I've long held the conviction that 'intellectual' and 'property' are two of the most boring words on earth. Put them together and they seriously make me want to die. And yet, despite copyright being such a murky and stultifying concept, I have to admit it's vitally important. People's brains are their own. You can't just go copying them and making money off them. OR CAN YOU.
As we all know, there's a fine line between lifting someone's work word-for-word and sampling it or mixing it. The music industry has been struggling with this for years. The folks in book publishing circles, on the other hand, have always been quite partial to bibliographies, footnotes, endnotes, sources, acknowledgements—basically, as you would know if you have ever written a school essay, attribution has always been a vital part of the writing thang. But that was before the Youth came blazing in, in all their thoughtless and narcissistic glory.
German teenager Helene Hegemann is obviously some kind of wunderkind—she's already written a play and a film, and
has just released this, her debut novel, at seventeen. It's called
Axolotl Roadkill, and can I take a moment to confide that, in the whole of the entertainment blogger's lexicon, the only harder word to spell than axolotl is Gyllenhaal. So, between trying to get you all interested in 'intellectual property' and trying to spell 'axolotl', the entertainment blogger has to wonder why she is even choosing to write about this story. Here's a picture of a Gyllenhaal while I try to gather my thoughts on the matter.

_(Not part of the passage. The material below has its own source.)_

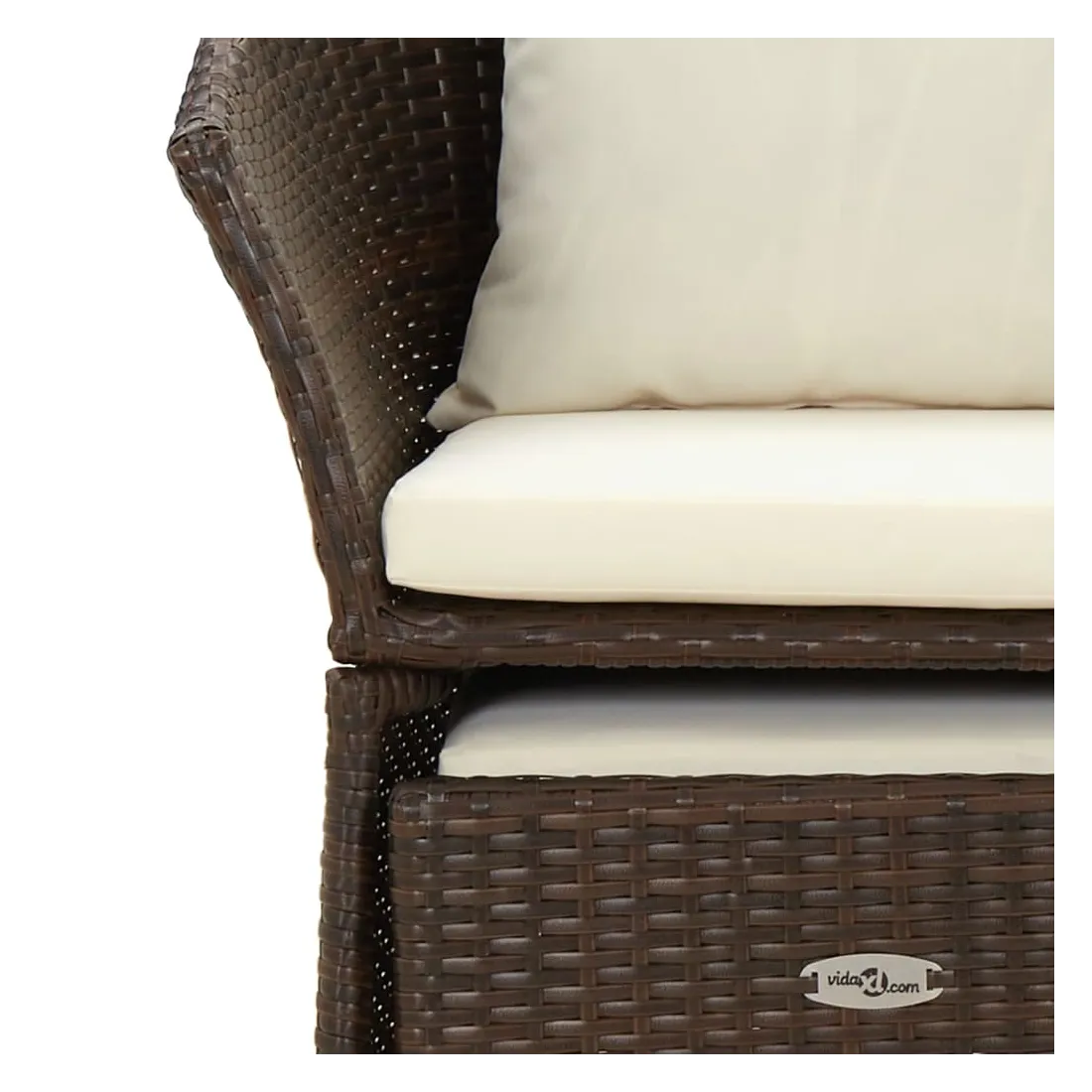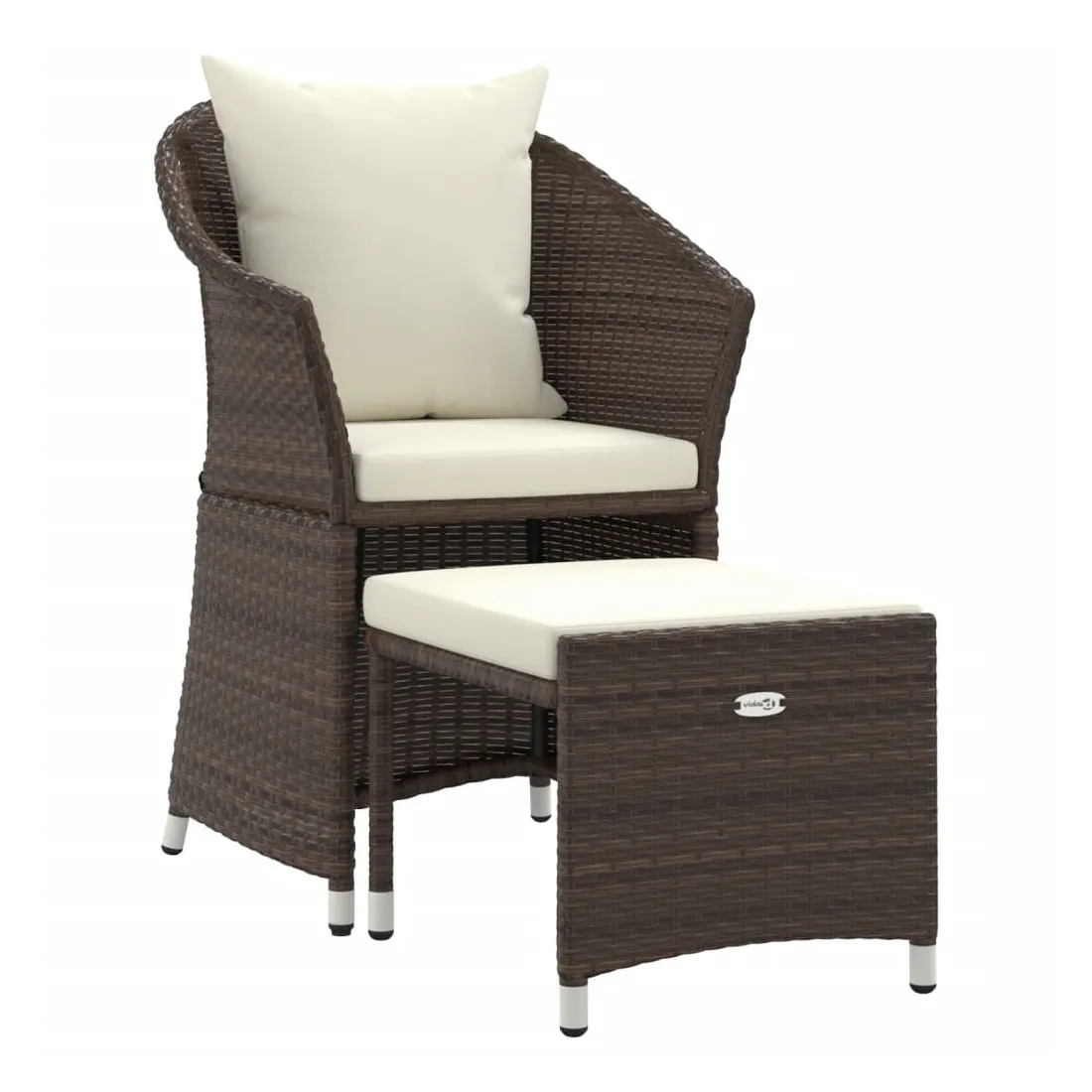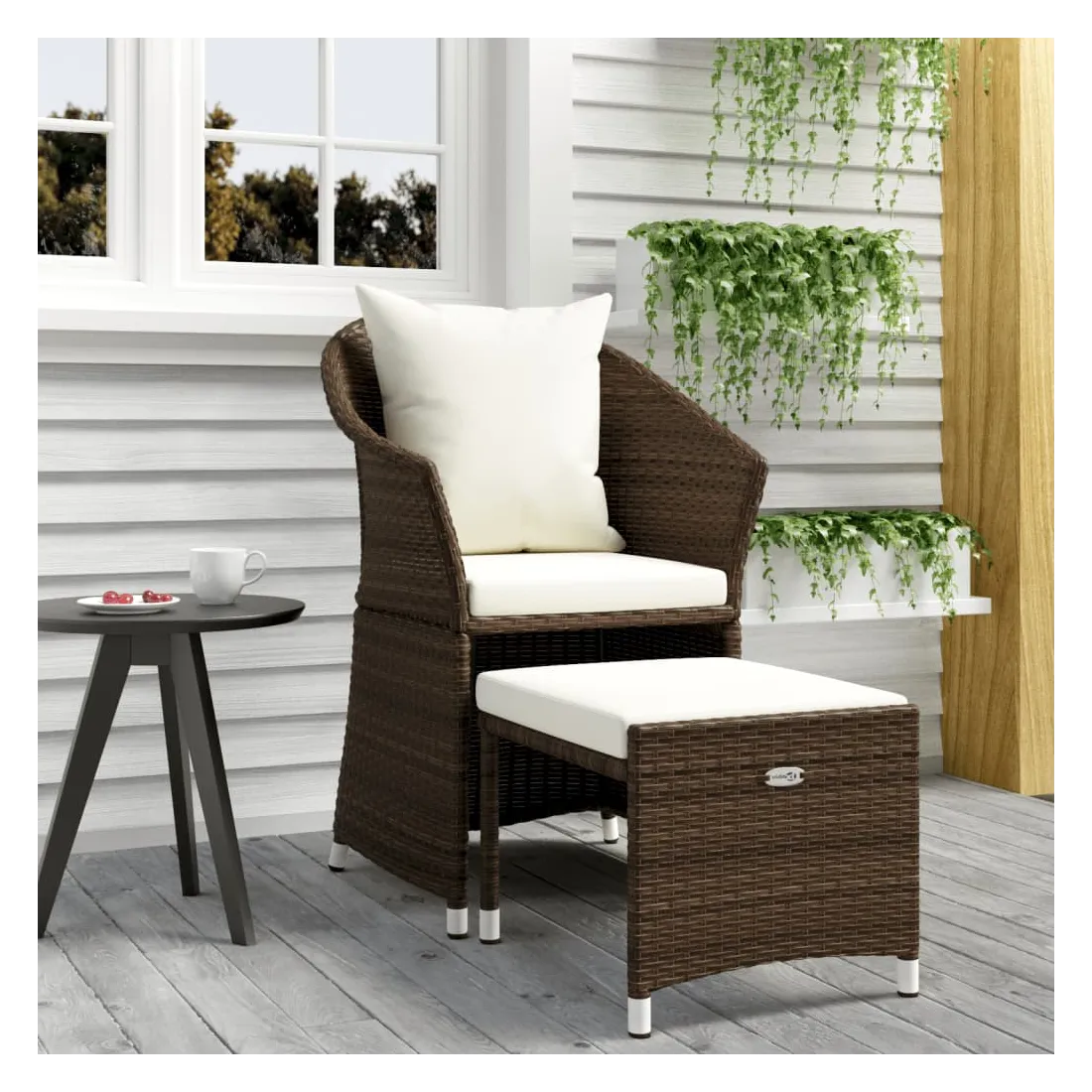 Profitez d'un moment agréable dans votre espace extérieur avec cet ensemble de salon de jardin ! C'est un complément parfait à votre jardin et à votre terrasse, créant une impression durable ! Matériau haut de gamme : la résine tressée est un matériau de résistance exceptionnelle et durable dans différentes conditions météorologiques.Cadre en acier : le cadre en acier assure la robustesse et la stabilité de l'ensemble de salon extérieur.Coussins moelleux : les coussins épais et amovibles du salon de jardin sont inclus pour offrir le plus grand confort d'assise.Accoudoirs et dossier confortables : le dossier et les accoudoirs ronds permettent à vos bras et à votre dos de se reposer confortablement.Tabouret pratique : vous pouvez vous détendre et y mettre vos pieds grâce au tabouret inclus. Vous pouvez également placer le tabouret n'importe où, selon vos préférences. Remarque :Chaque produit est livré avec un manuel de montage dans la boîte pour un montage facile.Afin de prolonger la durée de vie de votre mobilier d'extérieur, nous vous recommandons de le protéger avec une housse imperméable.
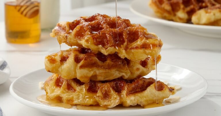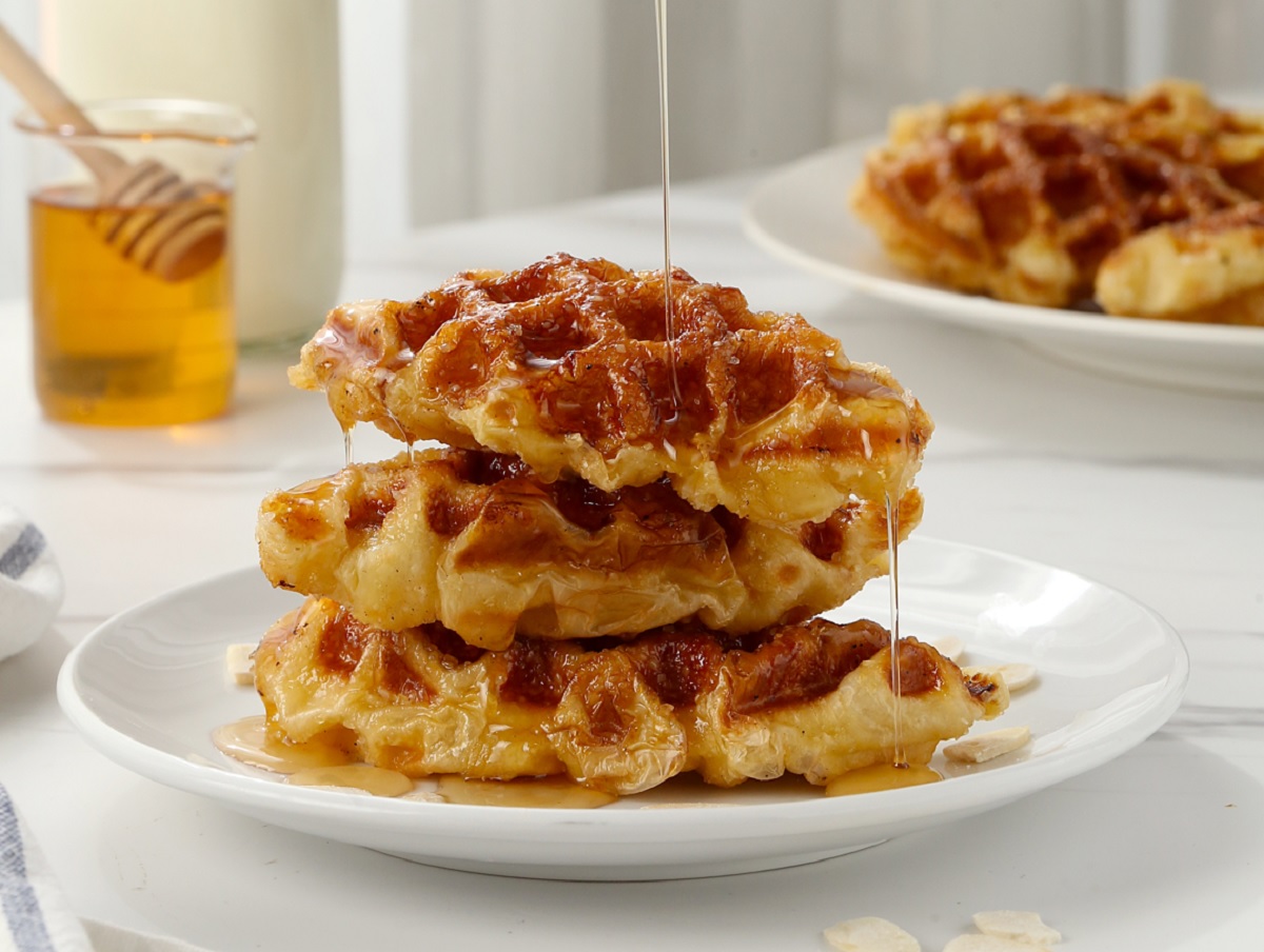 - Περιχύνετε τις βάφλες με όσο μέλι επιθυμείτε και σερβίρετε.

The facts are these: a teenager in Berlin wrote a book about a teenager in Berlin and it shot instantly to number five on the Bestseller List of German magazine
Spiegel.
Then, a blogger pointed out that the teenager had lifted some material from another book, which was written by another blogger, called
Airen. The
New York Times reports that, among other things, a whole page was lifted with few changes.
And
then the book got shortlisted for the $20,000 Leipzig Book Award, so now everyone is talking about whether cutting and copying has become such a way of life for all of us kids that 'the right to copy and transform' should sort of just be cool.
Hegemann, who has also been
accused of plagiarising a short story, has aplogised for not referencing the parts that were lifted from the other writer's work. 'I think there are good ethical grounds for giving sources for a
book,' she
says. 'And the fact that I neglected to do so reflects my
thoughtlessness and my narcissism.' Which is quite a brilliant defence, because a big reason why the book is a hit is because it traces the thoughtlessness and narcissism of youth.
It seems like this attitude is helping on the awards circuit too, with one of the judges of the Leipzig Book Award
saying that the copied sections are 'part of the concept of the book'.
See! Older generations love our wild, youthful, plagiaristic ways!
The publisher is releasing a second edition of the book with credit given to the original blogger/author of the lifted sections, Airen. And of course, using uncited sources is not new—
Axolotl
Roadkill has been compared to modernist classics such as
Naked Lunch by William S.
Burroughs and
Manhattan Transfer by John Dos Passos. Referencing is a huge part of our culture, but the importance or necessity of crediting sources, particularly from things that have originated on the internet, seems to remain murky for a lot of people.
Perhaps the final word should come from Hegemann herself: 'There’s no such thing as originality anyway, just authenticity,' she says. Three cheers for authentic unoriginality then.